## DATA BLOCK
---*---

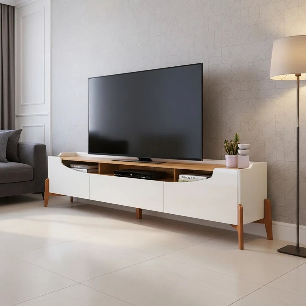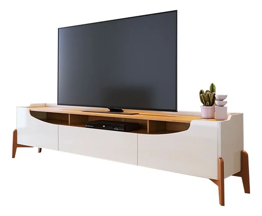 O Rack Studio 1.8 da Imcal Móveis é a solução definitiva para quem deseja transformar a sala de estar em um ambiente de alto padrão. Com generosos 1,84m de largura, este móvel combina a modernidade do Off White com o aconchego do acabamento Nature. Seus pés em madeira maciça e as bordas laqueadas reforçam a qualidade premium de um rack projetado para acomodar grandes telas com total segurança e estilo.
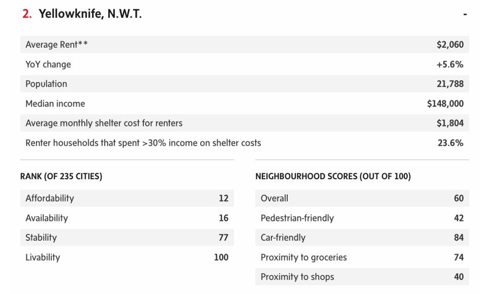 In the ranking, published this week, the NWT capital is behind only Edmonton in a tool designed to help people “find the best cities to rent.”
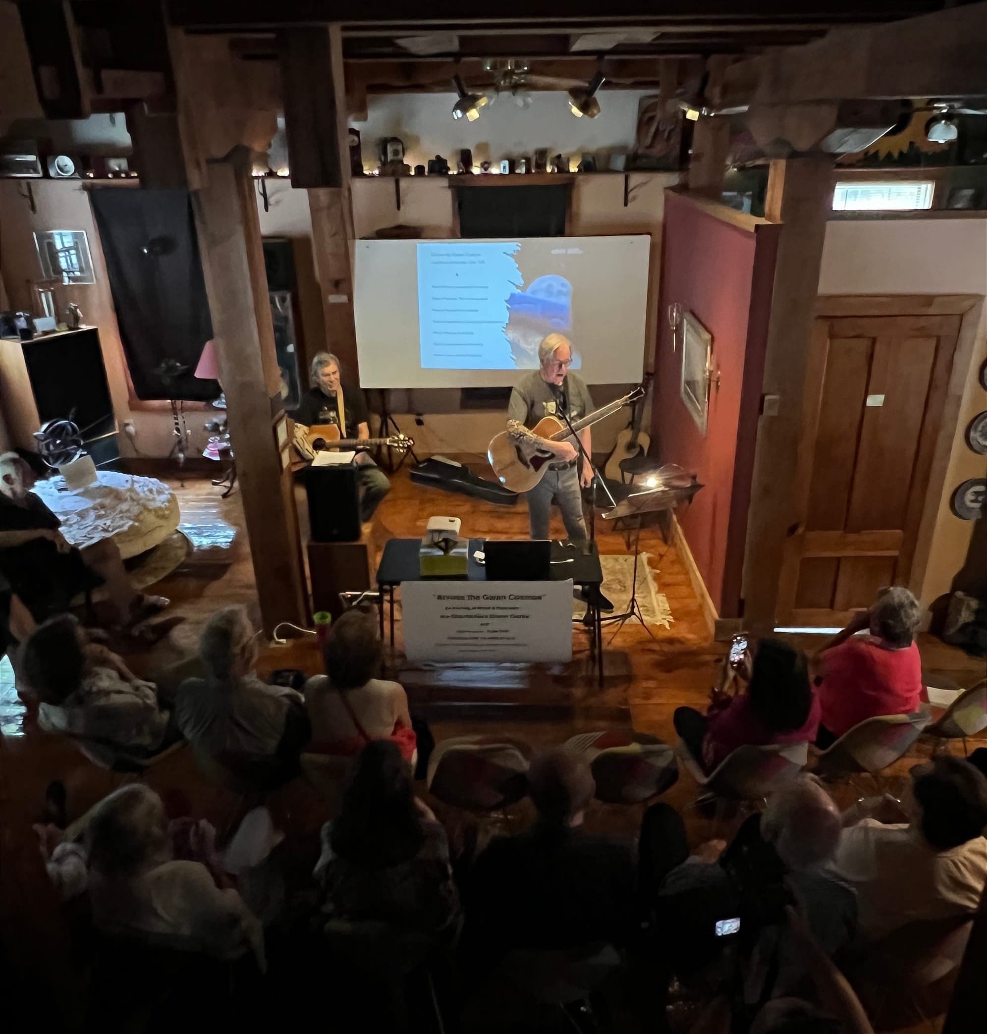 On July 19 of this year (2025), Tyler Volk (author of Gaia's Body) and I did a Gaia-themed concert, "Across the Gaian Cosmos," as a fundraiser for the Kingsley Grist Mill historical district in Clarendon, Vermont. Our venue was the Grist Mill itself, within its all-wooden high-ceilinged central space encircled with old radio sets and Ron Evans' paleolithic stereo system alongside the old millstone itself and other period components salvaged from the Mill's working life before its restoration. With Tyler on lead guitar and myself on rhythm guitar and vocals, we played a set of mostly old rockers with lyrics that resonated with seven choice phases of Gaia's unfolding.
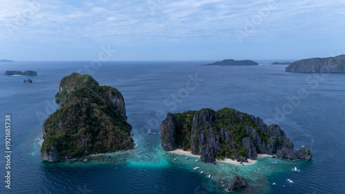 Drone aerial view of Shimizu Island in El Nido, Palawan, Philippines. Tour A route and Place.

---*---

## EXERCISE OBJECTIVE
Copy each line above precisely, dropping the pictures.

## TASK ANSWER
 O Rack Studio 1.8 da Imcal Móveis é a solução definitiva para quem deseja transformar a sala de estar em um ambiente de alto padrão. Com generosos 1,84m de largura, este móvel combina a modernidade do Off White com o aconchego do acabamento Nature. Seus pés em madeira maciça e as bordas laqueadas reforçam a qualidade premium de um rack projetado para acomodar grandes telas com total segurança e estilo.
 In the ranking, published this week, the NWT capital is behind only Edmonton in a tool designed to help people “find the best cities to rent.”
 On July 19 of this year (2025), Tyler Volk (author of Gaia's Body) and I did a Gaia-themed concert, "Across the Gaian Cosmos," as a fundraiser for the Kingsley Grist Mill historical district in Clarendon, Vermont. Our venue was the Grist Mill itself, within its all-wooden high-ceilinged central space encircled with old radio sets and Ron Evans' paleolithic stereo system alongside the old millstone itself and other period components salvaged from the Mill's working life before its restoration. With Tyler on lead guitar and myself on rhythm guitar and vocals, we played a set of mostly old rockers with lyrics that resonated with seven choice phases of Gaia's unfolding.
 Drone aerial view of Shimizu Island in El Nido, Palawan, Philippines. Tour A route and Place.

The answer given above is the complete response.